I coughed and spat straw from my mouth.
"Spit it out, child. Don't swallow the barn," Aunt Li snapped, tugging my chin up by the braid.
My voice came out thin and small. My mind pushed words shaped like a woman who had filed papers until midnight, who had argued over rent with numbers on a glowing screen that no one here would know. The words sat unused in my skull while my throat screamed with a child's pitch.
"She woke," Grandmother Wang said, half relief, half accusation. She crossed her arms and looked as if I owed her silver.
I blinked. My hands were too small. My palms smelled of hay and smoke. The bones under my skin were small, the knuckles rounded.
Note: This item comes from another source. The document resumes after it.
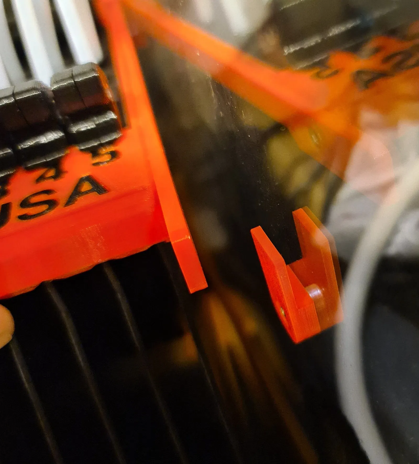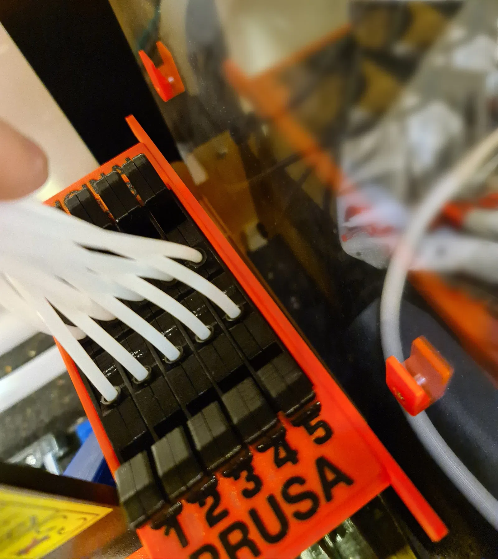 Đây là một cách để treo bộ đệm MMU3. Tôi đã dán thanh nối vào bộ phận phân đoạn. Các móc nhỏ được vặn vào tường với khoảng cách phù hợp và bạn có thể treo bộ đệm vào đó.
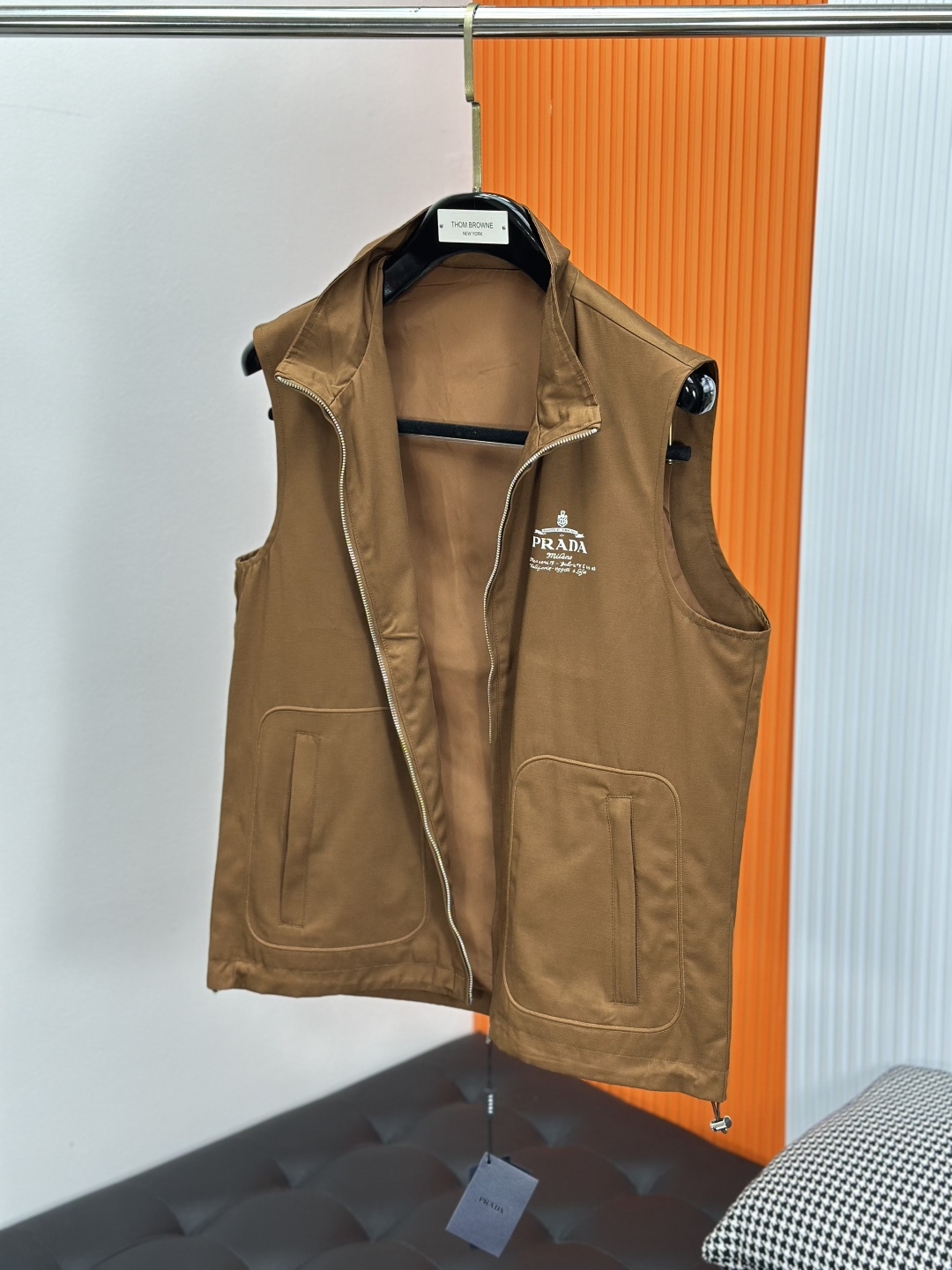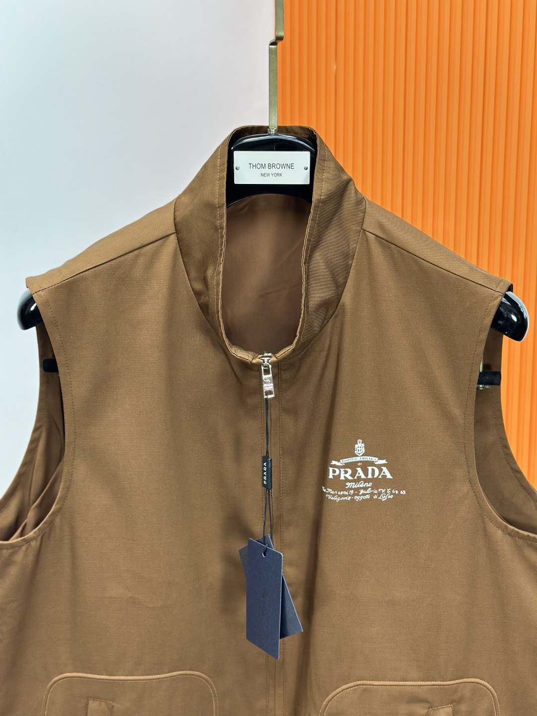 Prada vest with chest triangle logo. Soft, breathable fabric. Chic chest pocket adds style. Versatile for daily wear. Sizes 48-56.

I tried to picture the mirror I last saw and froze at the memory of a narrow face surrounded by hair trimmed for office neatness. I had been thirty. Now I had nine years pressed into my ribs.
"Can you stand?" Aunt Li demanded.
I swung my legs, testing. They obeyed, clumsy and quick. I stood, and the room felt taller than the rooms I remembered from the city. My head swam for a breath. I steadied myself on the table edge.
"Who is she?" a voice outside asked. It was Old Zhou's voice. He stood in the doorway, his boots sunk in straw.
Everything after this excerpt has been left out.